Starting at the first line of the entries below, please return exactly each line up to and including the one with "Niet-permanente acrylstiften op"; pictures stay out.

(Stored records)
Content starts
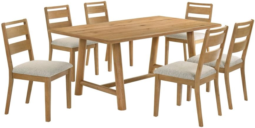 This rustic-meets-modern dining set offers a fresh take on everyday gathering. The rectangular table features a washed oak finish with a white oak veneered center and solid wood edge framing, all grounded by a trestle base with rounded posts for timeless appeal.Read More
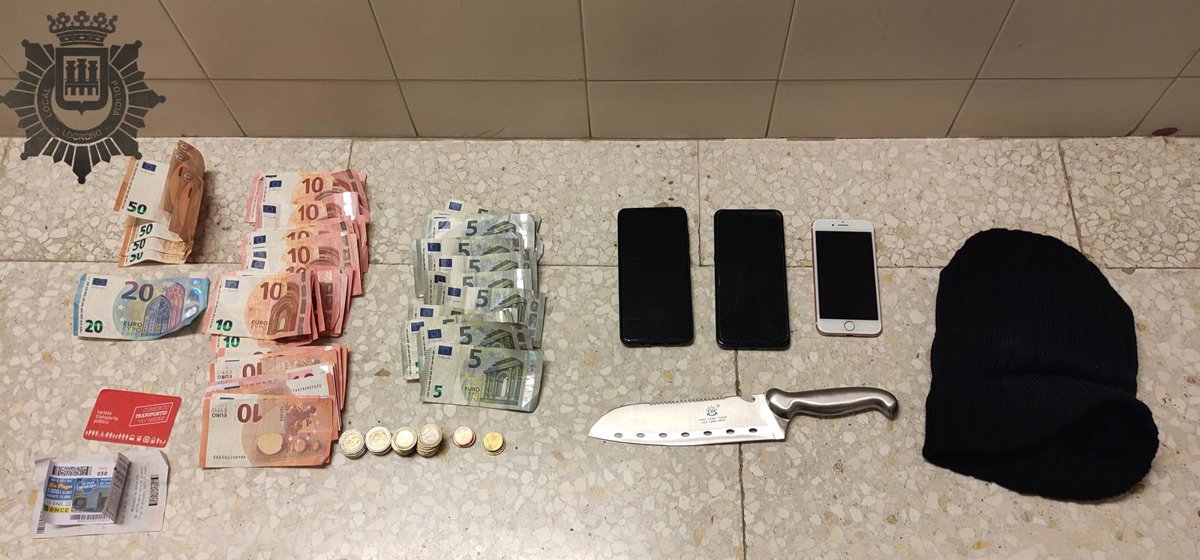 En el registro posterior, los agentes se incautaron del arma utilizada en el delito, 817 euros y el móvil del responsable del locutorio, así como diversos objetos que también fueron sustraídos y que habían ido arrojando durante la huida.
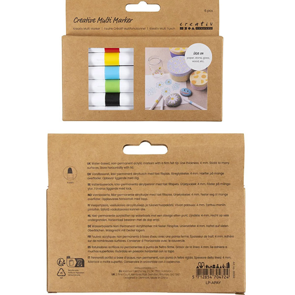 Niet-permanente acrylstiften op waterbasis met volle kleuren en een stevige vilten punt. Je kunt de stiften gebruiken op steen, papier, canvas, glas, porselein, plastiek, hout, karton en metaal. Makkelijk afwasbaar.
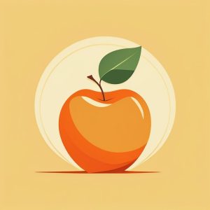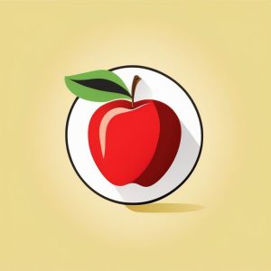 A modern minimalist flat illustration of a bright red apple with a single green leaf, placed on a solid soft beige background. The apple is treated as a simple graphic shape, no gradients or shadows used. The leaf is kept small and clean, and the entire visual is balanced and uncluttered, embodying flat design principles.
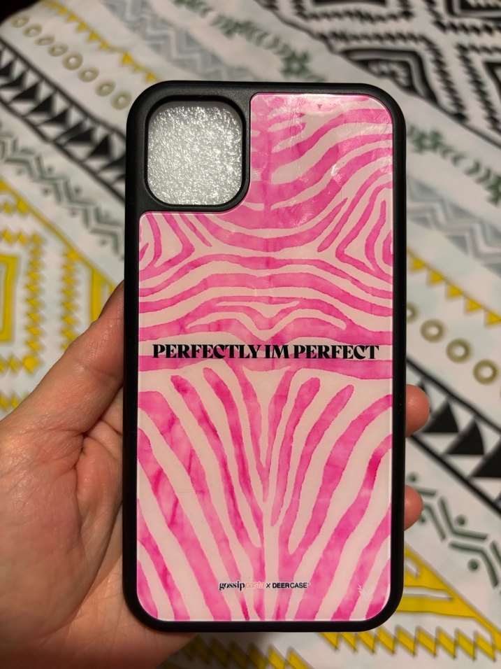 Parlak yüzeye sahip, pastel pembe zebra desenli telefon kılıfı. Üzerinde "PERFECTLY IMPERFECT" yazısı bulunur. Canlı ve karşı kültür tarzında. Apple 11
Content ends
**Your solution**
 This rustic-meets-modern dining set offers a fresh take on everyday gathering. The rectangular table features a washed oak finish with a white oak veneered center and solid wood edge framing, all grounded by a trestle base with rounded posts for timeless appeal.Read More
 En el registro posterior, los agentes se incautaron del arma utilizada en el delito, 817 euros y el móvil del responsable del locutorio, así como diversos objetos que también fueron sustraídos y que habían ido arrojando durante la huida.
 Niet-permanente acrylstiften op waterbasis met volle kleuren en een stevige vilten punt. Je kunt de stiften gebruiken op steen, papier, canvas, glas, porselein, plastiek, hout, karton en metaal. Makkelijk afwasbaar.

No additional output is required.